Greetings forum. I currently have a Gen 2 diesel, and miss the extendable sun visor I have in my Volt. Is there someone out there with a Premier trim level Gen 2 that can tell me whether or not the sun visors are extendable? I hope they’re available as a Cruze part, but if not, I’ll have to measure the visors in my Volt to see if they would fit. Thanks for any help!


----------



## Blasirl (Mar 31, 2015)

spaycace said:


> Greetings forum. I currently have a Gen 2 diesel, and miss the extendable sun visor I have in my Volt. Is there someone out there with a Premier trim level Gen 2 that can tell me whether or not the sun visors are extendable? I hope they’re available as a Cruze part, but if not, I’ll have to measure the visors in my Volt to see if they would fit. Thanks for any help!


I cannot answer your question, but have one for you...
Does the Volt have extendables on both sides? If so, when you measure them, please post the size as I would like to add one to my Gen I passenger side.


----------



## spaycace (Feb 9, 2012)

Blasirl said:


> I cannot answer your question, but have one for you...
> Does the Volt have extendables on both sides? If so, when you measure them, please post the size as I would like to add one to my Gen I passenger side.


I believe Gen 1 and Gen 2 Cruze sun visors were different designs, as were Gen1/Gen2 Volts. But I’m going to try to get measurements before 2021 ... 🤣

UPDATE: After taking some crude measurements, it would appear that the sun visors in my ‘18 Volt Premier are the same size as the visors in the ‘18 Cruze diesel (sedan at least). My next test will be to swap them and see if in fact they fit each vehicle. Stay tuned ... more to follow.

took me a while thanks to the rona… but I bit the bullet and purchased 2 sun visors originally fit for my 2018 Volt. Low and behold, they fit in my 2018 Cruze Diesel, although there was no electrical connection hiding in the A-pillar to connect the lighted visor to …but I now have sliding sun visors in my Cruze!


----------



## spaycace (Feb 9, 2012)

They fit!


----------



## b2bear (Dec 1, 2021)

spaycace said:


> They fit!


Do you have any photos of the visors installed?
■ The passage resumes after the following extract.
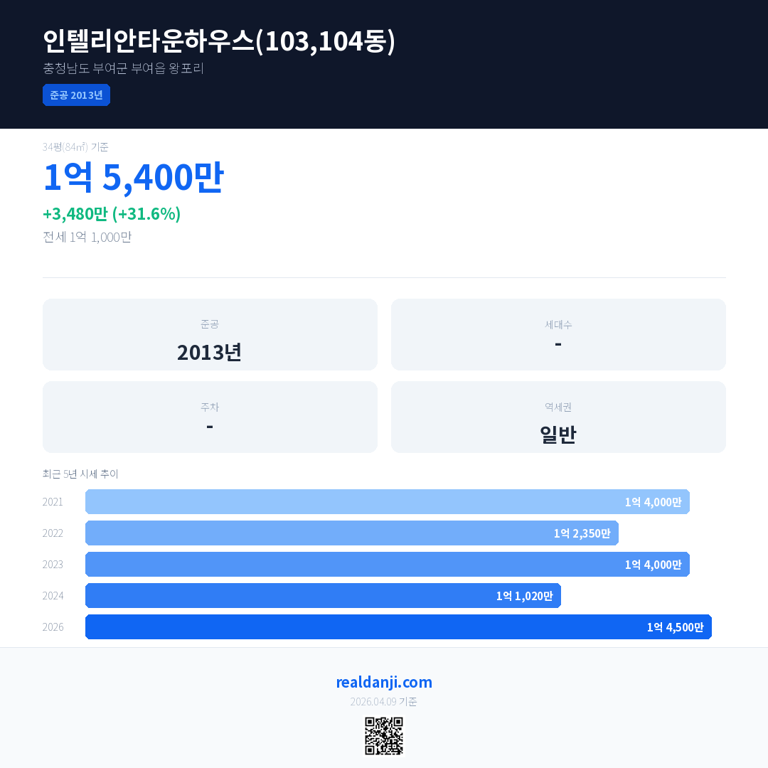 인텔리안타운하우스(103,104동) 최근 거래가는 1억 4,500만입니다. (2026-04)

If you have any part numbers that would be much appreciated as well!


----------



## TheDude (Aug 12, 2020)

Blasirl said:


> I cannot answer your question, but have one for you...
> Does the Volt have extendables on both sides? If so, when you measure them, please post the size as I would like to add one to my Gen I passenger side.





spaycace said:


> They fit!


Can you please take a pic of both sides. I’m really interested in seeing how they look. Thanks.


----------



## Blasirl (Mar 31, 2015)

TheDude said:


> Can you please take a pic of both sides. I’m really interested in seeing how they look. Thanks.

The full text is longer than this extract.